Tuesday, 24 October 2006

Why Did God Invent Little Brothers?

Hello readers, who if you are still reading this blog, are more dedicated than I can express. I know, I know the 'UPDATE!'s have been mounting but I actually have arelatively good excuse (well not for last week, but that doesn't count). You see for the past week my stupid computer as for no apparent reason whatsoever, decided not to connect to the network, and therefore to the internet (I am only typing now because I have managed to steal my step-dad's assistants computer).

And before that I was in the fabulous Middle Of Nowhere (otherwise known as Waikawa) spending an exciting weekend doing absolutely nothing (aren't you jealous?), but I'm not complaining, well not about the trip anyway, I am in fact instead complaining about little brothers.

When I heard I was being given a free return ticket to Middle Of Nowhere with complimentary 3 night accomadation (spending money not included) I was rather excited, not so much because I got to go away but because it meant I got to get out of going away to Waikanae and therefore be stuck in a small out amount of space with my infuriating little brother for the entire weekend. Instead I was stuck in a small amount of space with someone else's infuritating little brother for the entire weekend.

Although I am a huge showoff, I prefer to show off in person where I can actually control what people see so I get rather agitated when I find myself written about in a way that I have no control over (it's a good thing I decided not to be an actor, either I'd be poor and destitute or on the off chance I became successful I would have a heart attack every time I saw myself in a tabloid) so for the privacy of said little brother (who really doesn't deserve it) I will not use his real name. Hmmm, I think we shall refer to the boy in question as Adolf, no maybe a little too harsh, Humphery will do.

So I turned up on Friday in my new chucks and skinny jeans, with my bags packed, completely unsuspecting as Humphery answered the door that I was, in fact being greeted by the devil child. I started to have a few suspicions in the car when, supposedly lacking space, I and Humphery's older sister who will be named Antigone just because I like the name, were showered with abuse such as 'fat' and 'bitch'. However, being the optimistic and naive thing that I am, I blithely put this aside and tried to remain hopeful that this misguided child was really a stunning little angel underneath.

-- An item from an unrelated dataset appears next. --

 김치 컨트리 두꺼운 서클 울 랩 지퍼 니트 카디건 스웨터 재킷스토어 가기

Alas, night came and I was proved to be the one who was misguided. For Humphery, it seems, values sleep alot less than I do and proceeded to demontsrate this to me in the form of pokes, throwing pillows at me then stealing them, talking to me, and googling at me as if I were an animal in the zoo.

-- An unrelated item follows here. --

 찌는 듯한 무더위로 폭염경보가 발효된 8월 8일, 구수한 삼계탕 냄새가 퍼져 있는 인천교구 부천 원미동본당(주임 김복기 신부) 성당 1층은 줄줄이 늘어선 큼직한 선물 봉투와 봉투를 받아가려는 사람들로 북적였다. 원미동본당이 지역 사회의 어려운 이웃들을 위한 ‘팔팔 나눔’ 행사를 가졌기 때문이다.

Luckily for me I had watched a philosophy video the night before about Seneca's theory for dealing with anger and extreme irritation so I was able to stay relatively sane, if a little sleep deprived. This technique also enabled me to calmly endure I number of other incidents that, for the sake of brevity, I have omitted.

And so the weekend rolled by with me getting very little of the sleep needed or (and this sadly I cannot blame on Humhpery) very little of the work I needed to do, done. But as I end this post I must share with you the conclusion I came to on the last night as I heard Humphery desperately trying to restrain from poking me and attempting in vain to lie still so as not to disturb me, I realised that perhaps the poor child is not so bad after all (wow, Seneca's theory really works) and that with time he may grow into a reasonably well functioning member of society (which is, of course, the highest aspiration we can hope for for little brothers). So i will leave you with this final message - don't hate or persecute little Humphery, he needs love and compassion to nurture him into the lovely person found deep, deep inside, just never, ever sleep in the same room as him.

You Have Been Warned.

8 comments:

Anonymous said...

very well written, and yet, despite this, i may have to beat you up on his behalf (as any good sister would). poor bumphrey. he can't help it if he is a teenage boy, and thus unable to interact as a normal human being.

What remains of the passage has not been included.